**Work request:**
Take the material below and output exactly the run of lines from the one containing "Кухни в дом" down to the one containing "No aporta gran", with both included.

**Provided entries:**
--- --- ---

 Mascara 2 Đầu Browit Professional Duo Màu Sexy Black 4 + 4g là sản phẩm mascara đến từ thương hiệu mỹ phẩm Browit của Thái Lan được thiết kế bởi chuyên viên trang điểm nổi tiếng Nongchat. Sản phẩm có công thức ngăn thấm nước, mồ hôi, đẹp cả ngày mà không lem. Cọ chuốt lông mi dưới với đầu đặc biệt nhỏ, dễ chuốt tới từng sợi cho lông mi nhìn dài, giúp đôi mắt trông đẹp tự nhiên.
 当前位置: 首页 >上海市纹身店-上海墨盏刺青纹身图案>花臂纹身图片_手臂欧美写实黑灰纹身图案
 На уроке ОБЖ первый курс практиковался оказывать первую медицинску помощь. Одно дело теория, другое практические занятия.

--- --- ---

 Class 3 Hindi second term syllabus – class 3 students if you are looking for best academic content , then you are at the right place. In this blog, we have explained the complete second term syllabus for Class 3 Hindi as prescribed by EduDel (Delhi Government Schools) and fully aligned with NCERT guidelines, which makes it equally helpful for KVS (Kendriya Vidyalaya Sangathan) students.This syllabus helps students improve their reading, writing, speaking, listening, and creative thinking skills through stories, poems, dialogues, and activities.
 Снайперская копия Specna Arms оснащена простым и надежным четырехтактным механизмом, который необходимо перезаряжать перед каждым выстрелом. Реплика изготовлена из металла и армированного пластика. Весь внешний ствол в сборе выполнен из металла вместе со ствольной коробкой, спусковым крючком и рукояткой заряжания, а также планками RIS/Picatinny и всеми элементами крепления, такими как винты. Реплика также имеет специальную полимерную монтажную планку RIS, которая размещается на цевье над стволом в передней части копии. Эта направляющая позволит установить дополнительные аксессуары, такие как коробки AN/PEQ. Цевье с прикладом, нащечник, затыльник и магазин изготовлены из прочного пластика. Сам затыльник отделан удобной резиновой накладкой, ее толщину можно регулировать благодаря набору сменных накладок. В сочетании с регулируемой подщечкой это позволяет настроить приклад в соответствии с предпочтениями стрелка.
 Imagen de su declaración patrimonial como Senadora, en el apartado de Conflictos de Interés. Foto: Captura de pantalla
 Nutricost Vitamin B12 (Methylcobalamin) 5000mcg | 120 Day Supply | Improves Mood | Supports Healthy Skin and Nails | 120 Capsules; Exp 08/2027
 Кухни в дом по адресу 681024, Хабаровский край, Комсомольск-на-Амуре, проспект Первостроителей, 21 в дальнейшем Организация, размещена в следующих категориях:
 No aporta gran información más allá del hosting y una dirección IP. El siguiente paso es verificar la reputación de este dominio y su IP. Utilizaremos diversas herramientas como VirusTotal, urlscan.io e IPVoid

--- --- ---

**Response to the task:**
 Кухни в дом по адресу 681024, Хабаровский край, Комсомольск-на-Амуре, проспект Первостроителей, 21 в дальнейшем Организация, размещена в следующих категориях:
 No aporta gran información más allá del hosting y una dirección IP. El siguiente paso es verificar la reputación de este dominio y su IP. Utilizaremos diversas herramientas como VirusTotal, urlscan.io e IPVoid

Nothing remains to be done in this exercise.